Tempo di imparare di Valeria Parrella: crescere insieme a un figlio

Tempo di imparare, il nuovo romanzo di Valeria Parrella, racconta la difficoltà di crescere insieme al proprio figlio, diverso agli occhi del mondo

Tempo di imparare, la copertina del libro

Tempo di imparare, la copertina del libro

A che età si smette di imparare e si diventa dei semplici e meri educatori? La rubrica Un libro per piccoli lettori prova a rispondere a questo interrogativo tramite le parole di Valeria Parrella in Tempo di imparare. L’obiettivo è quello di mostrare la specialità di ogni singolo bambino, bellezza e felicità di ogni madre e, soprattutto, persona da far crescere ma da cui prendere esempio per migliorarsi quotidianamente. La rubrica propone questo intimo romanzo per abbracciare le difficoltà di chi vive ogni giorno accanto alla diversità del proprio bambino, mostrandone ed elogiandone il coraggio e la straordinarietà.
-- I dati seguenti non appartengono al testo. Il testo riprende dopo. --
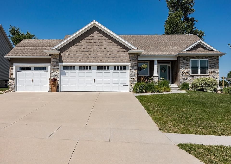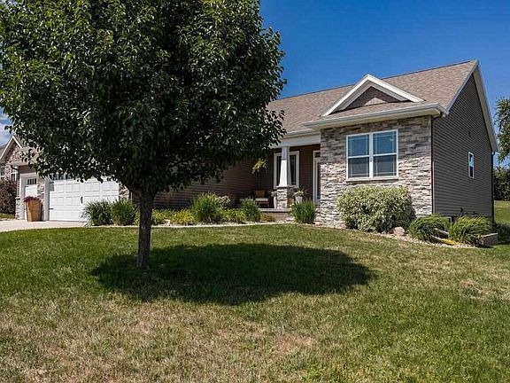 This gorgeous ranch in Marion is complete with all the finishing touches! You’ll love the neighborhood – close to trails, shopping, restaurants, and in Linn Mar School District! Enjoy your coffee on the peaceful covered front porch. Once inside, you’re sure to notice no detail was missed and everything has been meticulously maintained! The great room features 10’ ceilings and a floor to ceiling gas fireplace with stacked stone. Maple hardwood flooring continues from the hallways into the kitchen complete with white shaker cabinets, quartz countertops with undermount sink, tile backsplash, stainless steel appliances, corner pantry, and dining area with sliders to the back patio. The spacious main level laundry room is finished with cabinets and a folding counter. A convenient drop zone with cubbies is off the oversized 3 car attached garage. The primary suite serves as your own private sanctuary complete with the ultimate en-suite bath with double vanity, plus a separate vanity for getting ready, and a huge tiled shower with bench. Two additional bedrooms with wood accent walls and second full bathroom complete the main level, separated from the living space by a beautiful sliding barn door. The lower level features a large rec room with theatre space, 4th bedroom, 3rd full bathroom, plus plenty of storage space. Outside, enjoy the patio with sun shade and firepit area with natural stone retaining wall, plus a tree house with swing set and a garden! Don’t miss this beautiful home!

STORIA DI UNA MADRE E DI UN FIGLIO – Una donna e suo figlio Arturo vivono nelle pagine di questo romanzo che racconta, in modo semplice e poetico, la loro quotidianità; una quotidianità diversa dalla tradizione familiare, fatta di difficoltà, visite mediche e neurologiche e ostacoli da affrontare in ogni singolo momento perché Arturo è affetto da una disabilità. È da questo punto fermo che parte l’esistenza dei due, costretti ad accettare e superare questo scoglio che pare intramontabile, soprattutto in un mondo lento e poco sensibile alle esigenze di tutti. Imparare è l’unica via di uscita e ogni giorno è il momento giusto per comprendere qualcosa di nuovo; madre e figlio diventano, intercambiabilmente, maestri ed allievi, imparando a confidarsi e a scambiarsi le reciproche conoscenze. La mamma insegna ad Arturo la tecnica della vita, come muoversi, come legare i lacci delle scarpe, come affrontare le molteplici peripezie da affrontare; lui le insegna a guardare il mondo da una prospettiva nuova, diversa e, soprattutto, le insegna ad accettarlo e ad amarlo nella sua complessità. Il rapporto tra madre e figlio è descritto con un’incredibile intimità, complice l’espediente stilistico di scrivere il romanzo completamente in prima persona, come fosse un diario personale, assicurando l’immedesimazione del lettore. La lotta della madre inizia dal principio, divisa tra asili e Asl per capire quale fosse la lettera corrispondente alla disabilità di Arturo, al fine di affiancarlo nella difficile conquista della crescita. Il racconto si suddivide così tra momenti necessari e difficoltosi, come le strazianti visite mediche, non aiutate dalla lentezza burocratica e dall’inciviltà del sistema, e paesaggi, giochi e mostre da vedere, per permettere ad Arturo di godersi la sua infanzia, non solo fatta di ospedali.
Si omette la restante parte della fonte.